- TASK DETAILS
Your task is to return, word for word, only the lines from the line with "Do not miss" through the close of the data. Exclude all pictures.

- PROVIDED DATA
++++

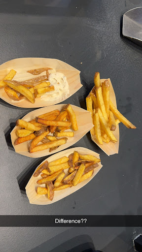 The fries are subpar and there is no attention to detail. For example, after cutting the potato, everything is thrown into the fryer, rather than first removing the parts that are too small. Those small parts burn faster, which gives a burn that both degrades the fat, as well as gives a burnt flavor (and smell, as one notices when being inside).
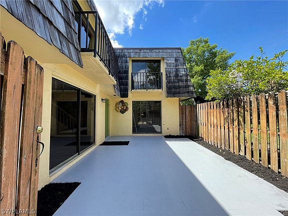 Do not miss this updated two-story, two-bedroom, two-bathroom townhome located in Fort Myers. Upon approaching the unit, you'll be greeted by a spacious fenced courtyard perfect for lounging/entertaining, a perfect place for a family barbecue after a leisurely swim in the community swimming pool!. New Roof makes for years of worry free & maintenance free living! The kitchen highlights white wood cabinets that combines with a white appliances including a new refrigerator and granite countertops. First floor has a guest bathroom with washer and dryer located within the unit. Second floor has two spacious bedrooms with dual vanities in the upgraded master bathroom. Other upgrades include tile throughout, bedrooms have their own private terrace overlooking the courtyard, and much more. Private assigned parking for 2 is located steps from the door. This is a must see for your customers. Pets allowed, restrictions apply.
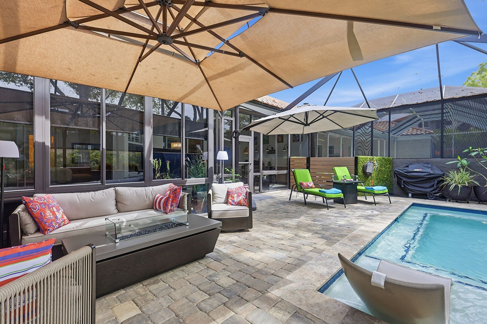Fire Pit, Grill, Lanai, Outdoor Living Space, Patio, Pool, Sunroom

++++

- RESULT OF THE EXERCISE
 Do not miss this updated two-story, two-bedroom, two-bathroom townhome located in Fort Myers. Upon approaching the unit, you'll be greeted by a spacious fenced courtyard perfect for lounging/entertaining, a perfect place for a family barbecue after a leisurely swim in the community swimming pool!. New Roof makes for years of worry free & maintenance free living! The kitchen highlights white wood cabinets that combines with a white appliances including a new refrigerator and granite countertops. First floor has a guest bathroom with washer and dryer located within the unit. Second floor has two spacious bedrooms with dual vanities in the upgraded master bathroom. Other upgrades include tile throughout, bedrooms have their own private terrace overlooking the courtyard, and much more. Private assigned parking for 2 is located steps from the door. This is a must see for your customers. Pets allowed, restrictions apply.
Fire Pit, Grill, Lanai, Outdoor Living Space, Patio, Pool, Sunroom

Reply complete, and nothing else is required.